Agree with NMhunter I would never join if my wife couldn`t. Unfortunately there are some guys whose ego`s get bruised if they get beat by a woman. And now days there are so many good women hunters and target shooters,
it`s pretty easy to get beat. My wife hunting and shooting with me are some of my greatest memories, and I used
to kid if we were eating wild game she probably shot it. Hope someone gets enlightened. Graybeard62


----------



## McStamper (Feb 25, 2009)

Hard to believe! I went to a local club for a 3D shoot and saw this sign above the warm up bales, I could tell they are not used to women shooting there, I got "The look". It took at least 15 minutes to find a group of guys that would let me join their group. Happy to say I beat them all!


----------



## buckeye_girl (Nov 1, 2008)

Wow I sure am glad that I'm not the only one who is bothered by this. It bothers me even more that they have no problem taking my money on a Saturday to shoot but I am not good enough to join? There are alot of perks to joining the big one being that I could hunt the property. So maybe they are afraid I will see their 'boy parts' (lol) as they pee out of their stands? I still haven't decided how I'm going to handle approaching the people I know who are a part of this club about how I feel as I don't want to 'attack' them I want to be professional about how I handle it. 

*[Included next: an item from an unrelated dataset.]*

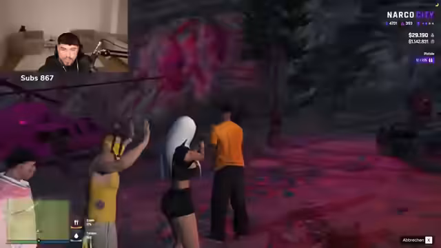 03:29:37In der virtuellen Welt von GTA interagiert der Streamer mit anderen Spielern. Es kommt zu einer angespannten Situation, in der eine Frau festgehalten wird, um ihre Identität zu klären. Die Situation eskaliert verbal, als der Streamer die Frau mit Waffengewalt bedroht, um ihr ein Geständnis oder eine Verpflichtung abzuringen. Dabei werden persönliche Informationen wie der Name und die Beziehungen der Spielfigur ausgeforscht.

I see that some of you have dealt with clubs that aren't used to women too. It's common but usually I am met with guys talking about how they wish their girls would shoot or how more women need to join etc.


----------



## jayhawkclint (Mar 21, 2012)

Is this even legal nowadays? I would think a club rule like that would just be begging for a discrimination lawsuit.


----------



## nitroteam (Jun 27, 2010)

Unfortunaty there is one close by here as well that women can not be members but can come shoot with a male member. I found this out after paying my yearly dues never to step foot back on the property, I just chalked that one up to a donation to the beer cooler. 

Sent from my ADR6400L using Tapatalk 2


----------



## jack mac (Feb 8, 2011)

jayhawkclint said:


> Is this even legal nowadays? I would think a club rule like that would just be begging for a discrimination lawsuit.


It is legal for a private club to exclude, it is also down right stupid. I guess they want to sit around together in their underwear and scratch themselves. I love shooting with my wife and daughter and wouldn't trade those times for anything.


----------



## ohio moose (Feb 1, 2004)

:thumbs_up


nitroteam said:


> Unfortunaty there is one close by here as well that women can not be members but can come shoot with a male member. I found this out after paying my yearly dues never to step foot back on the property, I just chalked that one up to a donation to the beer cooler.
> 
> Sent from my ADR6400L using Tapatalk 2


----------



## buckeye_girl (Nov 1, 2008)

jayhawkclint said:


> Is this even legal nowadays? I would think a club rule like that would just be begging for a discrimination lawsuit.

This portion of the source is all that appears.